Neue Falschmeldung!: Die Mär vom entführten Kind – und was die Täter damit vermutlich bezwecken

Eine angebliche Entführung soll sich in Calw zugetragen haben – eine Falschmeldung (Symbolfoto).
tgordievskaya - stock.adobe.comMitte August geschah es schon einmal: Eine besorgniserregende Nachricht kursierte im sozialen Netzwerk Facebook im Internet. Die achtjährige Clara Schulz, so hieß es darin, sei in Calw beim Spielen in ihrem eigenen Garten entführt worden.
Nun soll einem elfjährigen Mädchen namens Klara Schröder, ebenfalls in Calw, dasselbe widerfahren sein. Die Suche nach ihr laufe in der ganzen Stadt. Die Person, die das Ganze in dieser Woche online stellte, bittet darum, den Beitrag weiterzuverbreiten, um den Täter zu identifizieren.

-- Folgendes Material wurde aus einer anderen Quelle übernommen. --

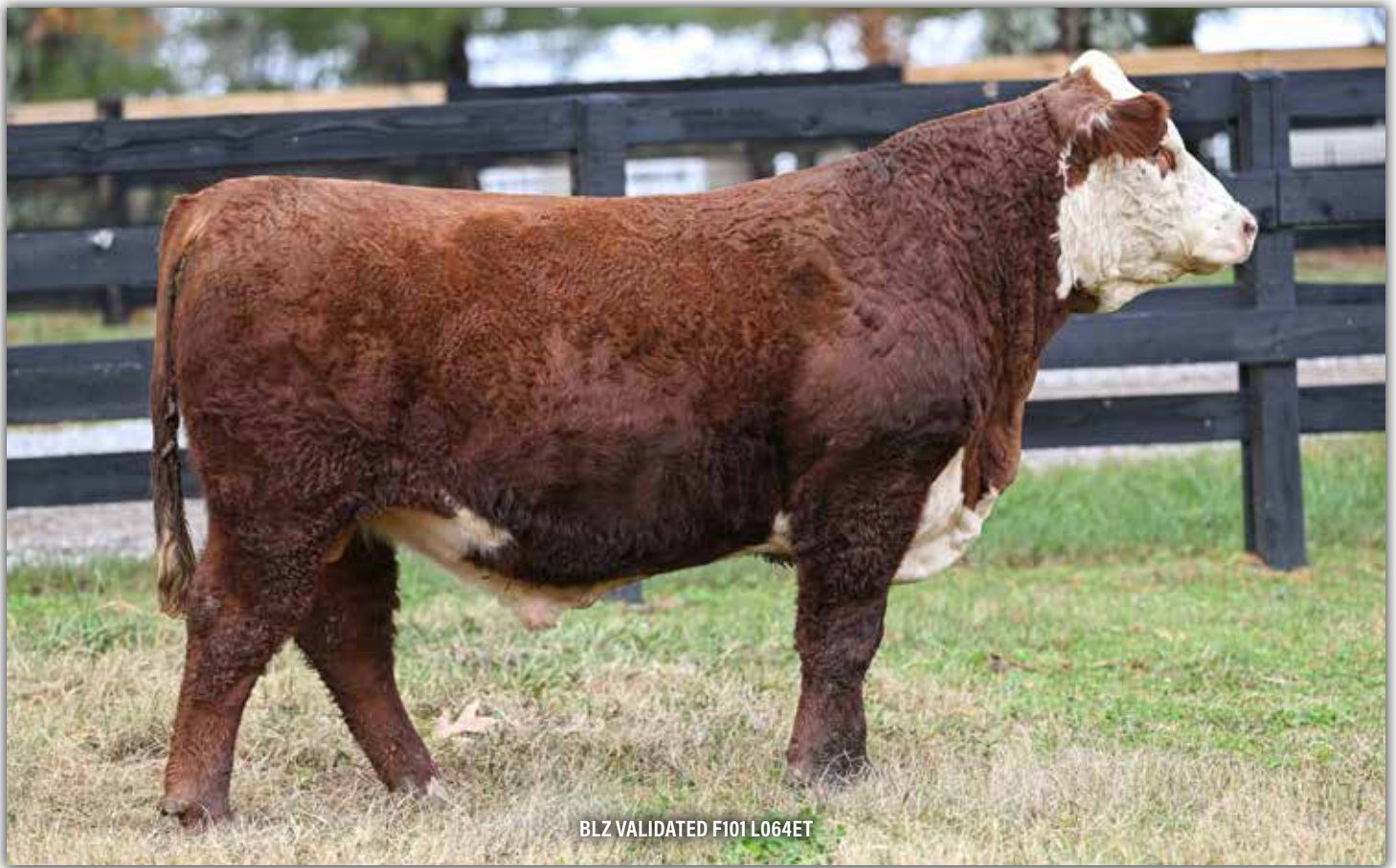
BLZ VALIDATED F101 L064ET

Doch weder Clara Schulz noch Klara Schröder existieren.
„Diesen Fall gibt es bei uns nicht“
„Tatsächlich handelt es sich hier um eine Falschmeldung die nicht von uns stammt“, erklärt Silas Lindörfer, Sprecher des Polizeipräsidiums Pforzheim, auf Anfrage unserer Redaktion zur Causa Klara Schröder. „Diesen mutmaßlichen Vermisstenfall gibt es bei uns nicht.“
Bereits vor rund zwei Wochen hatte eine Sprecher der Polizei mit Blick auf den angeblichen Fall der Clara Schulz erklärt, dieser sei den Behörden nicht bekannt – und eine Clara Schulz sei in Calw auch gar nicht polizeilich gemeldet.
„Nicht weiter verbreiten“
Lindörfer stellt darüber hinaus klar: „Verlässliche Auskünfte in Bezug auf Vermisste im Präsidiumsbereich der Polizei Pforzheim kommen ausschließlich von uns oder anderen Sicherheitsbehörden.“ Und: „Wir bitten darum, solche Informationen nicht weiter zu verbreiten.“
Beiträge dieser Art haben dennoch seit Monaten Hochkonjunktur, verbreiten sich trotz zahlreicher Warnungen wie ein Lauffeuer vor allem in den sozialen Medien.
Namen, Alter, Ort und Fotos der Kinder variieren dabei, die Geschichte bleibt dieselbe. Es handelt sich sämtlich um Falschmeldungen.
Im angebliche Fall der Klara Schröder wenden die Betrüger darüber hinaus besonders perfide Tricks an. So heißt es: „Klara ist die Tochter einer Bekannten von mir und ihre Familie vermisst sie unendlich und ist völlig verzweifelt.“ Lockend ist dort darüber hinaus zu lesen: „Sehen Sie sich auch die Aufnahmen der Überwachungskameras an, die im Artikel unten verlinkt sind.“
Doch wer auf solcherlei Links klickt, landet auf dubiosen Seiten angeblicher Spendensammler – oder gefälschten Login-Seiten. Wer dort seine Zugangsdaten eingibt, wird zum Opfer. Der Account wird von den Tätern übernommen.
„Mit deinem Namen wirkt alles glaubwürdiger“
„Du wirst vom Helfer zum Werkzeug der Täter“, warnt der Verein Mimikama, der sich der Aufklärung über Internetbetrug, Fake News und Desinformation verschrieben hat. Mittels des Accounts würden ab diesem Moment etwa weitere Fake-Posts verbreitet.
Doch warum das Ganze? „Facebook-Profile sind digitales Kapital“, schreibt Mimikama auf seiner Internetseite. Gestohlene Logins würden weiterverkauft, seien In Untergrundforen bares Geld wert. „Mit deinem Namen wirkt alles glaubwürdiger: Deine Freunde vertrauen dir. Wenn du um Hilfe bittest, reagieren sie“, heißt es dazu.
Zudem könnten Kriminelle mit einem Profil Anzeigen schalten, Fake-Shops bewerben oder Geld stehlen.